Abstract
CD44 expression in different plasma cell diseases
Introduction
Myeloma is a genetically complex disease which develops via a multistep process whereby plasma cells are driven towards malignancy through the accumulation of genetic "hits" over time. This multistep process permits myeloma to have four recognisable clinical stages including monoclonal gammopathy of undetermined significance (MGUS) , smouldering multiple myeloma (SMM) , multiple myeloma (MM) and plasma cell leukemia (PCL). CD44 as a complex adhesion molecule, is highly expressed in a variety of solid tumors and involved in metastasis and chemotherapy resistance . Previous studies had found that CD44 was also highly expressed in MM, and associated with advanced clinical stage, extramedullary myeloma (EM) and poor survival. However the relation of CD44 expression in different plasma cell disease remain unknown.
Patients and Methods
Newly diagnosed MGUS (n=12), SMM (n=11), MM (n=133) and PCL (n = 8) patients who were hospitalized in our hospital from December 2017 to December 2020 were enrolled. The diagnosis was based on the criteria of the International Myeloma Working Group. CD44 was detected by flow cytometry as follows: 2 ml of heparin anticoagulated bone marrow was collected from the patients at the time of diagnosis, 1×10 6 cells were detected, and a gate was set for identifying abnormal plasma cells characterized by CD138 and CD38. CD44 positive was defined as more than 20% of the plasma cells expressed CD44.
Results
From December 2017 to December 2020, a total of 164 patients diagnosed in our hospital were included in the study, including 12 MGUS patients, 11 SMM patients, 133 MM patients and 8 PCL patients. The expression proportion (7.9%±11.9%, 11.2%±15.5%, 40.2%±37.7%, 81.9%±25.6%, P < 0.001) and expression intensity (the mean fluorescence intensity was 1 742.8±1 023.1, 2 915.7±923.0, 6 692.6±11 275.5, 25 359.6±22 604.5, P=0.001) of CD44 on the monoclonal plasma cells of MGUS, SMM, MM and PCL patients gradually increased. In 133 MM patients, 73 cases were for CD44 positive. CD44 positive patients were more likely to show >3 focal bone lesion (75.3% VS 50.0%, P=0.002), and international staging system(ISS)III stage (68.5% VS 51.7%, P=0.048) compared those with CD44 negative. CD44 expression rate was significantly higher in MM patients with extramedullary disease (n=26) than those without (n=107) (56.7%VS 36.2%, P=0.031)

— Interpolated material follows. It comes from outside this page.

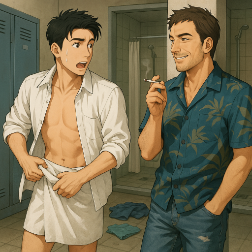 誠のむき出しの局部を見てにんまりと笑いながら島田は入り口の柱に寄りかかっている。誠はすばやくズボンを履いてシャツにそでを通した。
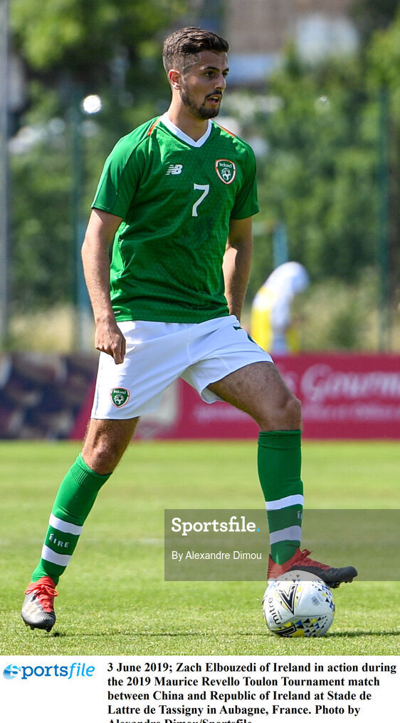 3 June 2019; Zach Elbouzedi of Ireland in action during the 2019 Maurice Revello Toulon Tournament match between China and Republic of Ireland at Stade de Lattre de Tassigny in Aubagne, France. Photo by Alexandre Dimou/Sportsfile

Conclusion: Our study showed that from MGUS, SMM, MM to PCL, the CD44 expression on abnormal plasma cells was gradually increased. CD44 overexpression was associated with osteolytic lesions, advanced ISS staging and extramedullary myeloma. The results indicated that CD44 was related to the invasion degree of plasma cell disease, and could be used as a marker for differential diagnosis between different plasma cell disease.
No relevant conflicts of interest to declare.